# Boothcreeks 2014 Lambs!



## boothcreek (Jan 24, 2014)

Got our first Lambs of the 2014 season this AM!

Nona had a set of twins, a ewe and a ram lamb.







The ewe Lamb









The ram lamb


----------



## BrownSheep (Jan 24, 2014)

Well those are just too adorable!


----------



## Ruus (Jan 24, 2014)




----------



## Heather (Jan 24, 2014)

May I ask how cold it is there?  We are in the middle of another polar vortex here in central Indiana and I have two ewes that could go any day.  I am so very nervous!


----------



## boothcreek (Jan 24, 2014)

-15C at night and between -7C and +3C during the day(depending on if its sunny or not, lately its been miserable). We got it rather warm for end of January, usually we are lambing at -32C to - 26C end of Jan. Not sure what that would be in F ?
Lambs get born in the snow, usually stay in the snow. With our rather warm temps for the season its a bit humid and damp so I tossed them under the roof where there is some dry hay to bed down in and dry properly but no they moved right back out into the snow.

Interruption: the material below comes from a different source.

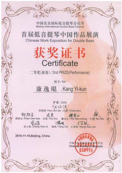 “中国北京国际低音提琴音乐节首届低音提琴中国作品比赛”二等奖

Havent lost a lamb to exposure yet *knock on wood*.
Yes you will see them shiver at first but only until the undercoat dries(a few hours), then they barely seem to notice the cold.


----------



## Ruus (Jan 24, 2014)

boothcreek said:


> usually we are lambing at -32C to - 26C end of Jan. Not sure what that would be in F ?

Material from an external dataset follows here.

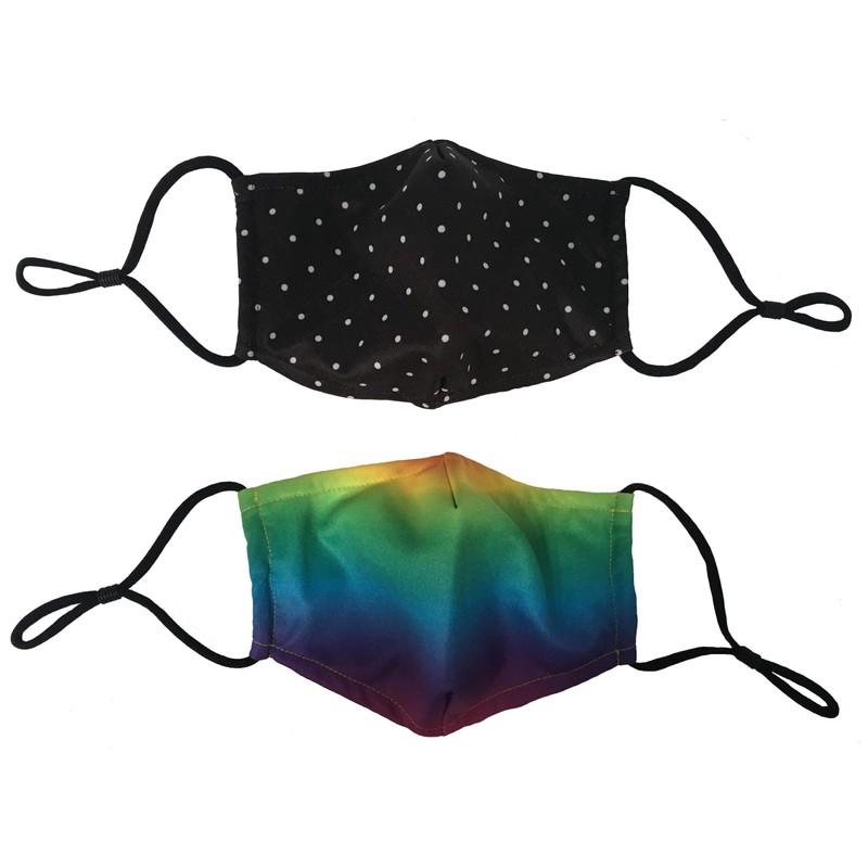 FACE MASK ADJUSTABLE REUSABLE DOUBLE LAYER WITH FILTER POCKET (PACK OF 2) (BLACK, RAINBOW)

That's between -15°F and-25°F, roughly. Sheep may be able to stand temperatures that cold, but I think I'd die! *Brrr*

Edit: typo


----------



## boothcreek (Jan 24, 2014)

Its not that bad, as long as it isn't humid. If its humid then its absolutely disgusting, -5 feels like -15 then and no matter how much you heat you feel like an icicle.


----------



## elevan (Jan 24, 2014)

Absolutely adorable!  Congratulation!


----------



## boothcreek (Feb 27, 2014)

Well, I haven't posted on here in a while, was too cold to take the camera out there to take pics(I produce no body heat to speak of so I am not hanging outside in -35 trying to snap a picture, I will have no functional digits left lol). 0 and sunny today(so +15 in the Sun!!!) so caught up on picture taking a bit.

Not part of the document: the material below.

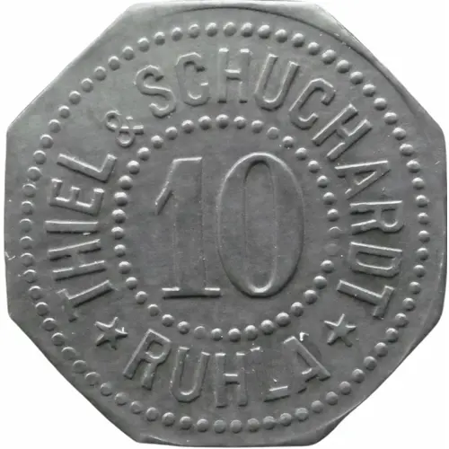 | Obverse lettering | THIEL & SCHUCHARDT 10 ★ RUHLA ★ |

First, some new pics of Nonas boy/girl twins from the start of the topic:
ewe lamb




Ram lamb





Cari had Twin rams on Feb 2nd(center and right) :










Nora had Twins on Feb 13th, a little ram and ewe pair.
Nora is a first time mommy and was a bit freaked out by the much smaller and more vocal ewe lamb, so I ended up pulling her to bottle raise(she lives with the herd again already).

Nora and her Ram lamb:




and "little-bit", her ewe lamb I am raising with the bottle:




little-bit(center) hanging out with Caris twin boys:





last but not least(for now), Inari my oldest Mouflon ewe gave birth to a nice little AbbXMouf Ewe lamb on Feb 14th.


----------